TASK PROMPT ->
Give the lines again exactly as they appear below, from the line with "Vibrant Illustration of" to the line with "The map covers", both included, and only those lines. Leave every picture out.

--- EXCERPTED DATA Enclosed Below ---

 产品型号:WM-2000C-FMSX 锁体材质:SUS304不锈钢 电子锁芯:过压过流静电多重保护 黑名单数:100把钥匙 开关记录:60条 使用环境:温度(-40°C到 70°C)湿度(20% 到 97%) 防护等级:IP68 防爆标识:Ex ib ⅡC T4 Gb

--- End of Enclosed EXCERPTED DATA ---
--- EXCERPTED DATA Enclosed Below ---

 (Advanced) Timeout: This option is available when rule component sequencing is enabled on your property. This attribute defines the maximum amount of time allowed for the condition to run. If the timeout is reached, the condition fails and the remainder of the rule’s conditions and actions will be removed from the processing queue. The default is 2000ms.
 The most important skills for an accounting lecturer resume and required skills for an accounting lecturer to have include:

--- End of Enclosed EXCERPTED DATA ---
--- EXCERPTED DATA Enclosed Below ---

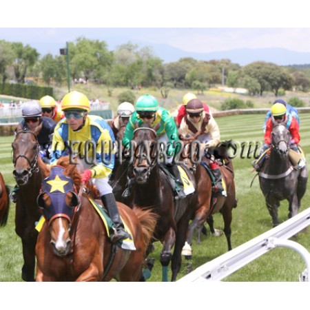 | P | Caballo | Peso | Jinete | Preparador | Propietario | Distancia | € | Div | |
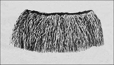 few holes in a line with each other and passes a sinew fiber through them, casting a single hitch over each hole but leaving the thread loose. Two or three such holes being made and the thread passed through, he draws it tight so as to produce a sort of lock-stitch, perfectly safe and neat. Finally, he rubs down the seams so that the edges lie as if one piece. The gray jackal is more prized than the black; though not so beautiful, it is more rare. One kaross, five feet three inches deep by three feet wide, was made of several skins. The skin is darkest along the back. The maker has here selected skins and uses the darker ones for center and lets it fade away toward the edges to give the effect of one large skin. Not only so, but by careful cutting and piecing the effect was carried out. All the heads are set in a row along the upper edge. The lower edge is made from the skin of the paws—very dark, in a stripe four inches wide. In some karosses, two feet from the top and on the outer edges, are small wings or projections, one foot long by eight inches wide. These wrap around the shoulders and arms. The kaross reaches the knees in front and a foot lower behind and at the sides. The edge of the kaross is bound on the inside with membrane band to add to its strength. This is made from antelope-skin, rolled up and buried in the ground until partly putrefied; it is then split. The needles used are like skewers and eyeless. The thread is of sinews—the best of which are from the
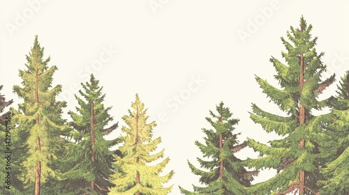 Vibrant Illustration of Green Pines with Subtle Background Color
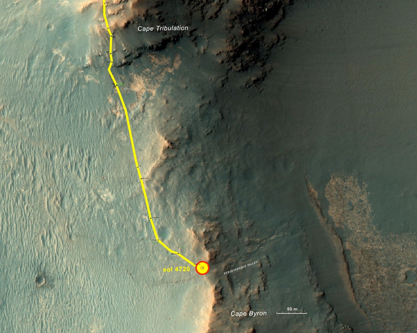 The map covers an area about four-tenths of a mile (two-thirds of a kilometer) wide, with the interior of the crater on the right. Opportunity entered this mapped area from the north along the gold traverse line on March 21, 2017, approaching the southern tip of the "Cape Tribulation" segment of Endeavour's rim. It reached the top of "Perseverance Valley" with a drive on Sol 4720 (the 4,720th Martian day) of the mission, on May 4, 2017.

--- End of Enclosed EXCERPTED DATA ---

YOUR RESPONSE ->
 Vibrant Illustration of Green Pines with Subtle Background Color
 The map covers an area about four-tenths of a mile (two-thirds of a kilometer) wide, with the interior of the crater on the right. Opportunity entered this mapped area from the north along the gold traverse line on March 21, 2017, approaching the southern tip of the "Cape Tribulation" segment of Endeavour's rim. It reached the top of "Perseverance Valley" with a drive on Sol 4720 (the 4,720th Martian day) of the mission, on May 4, 2017.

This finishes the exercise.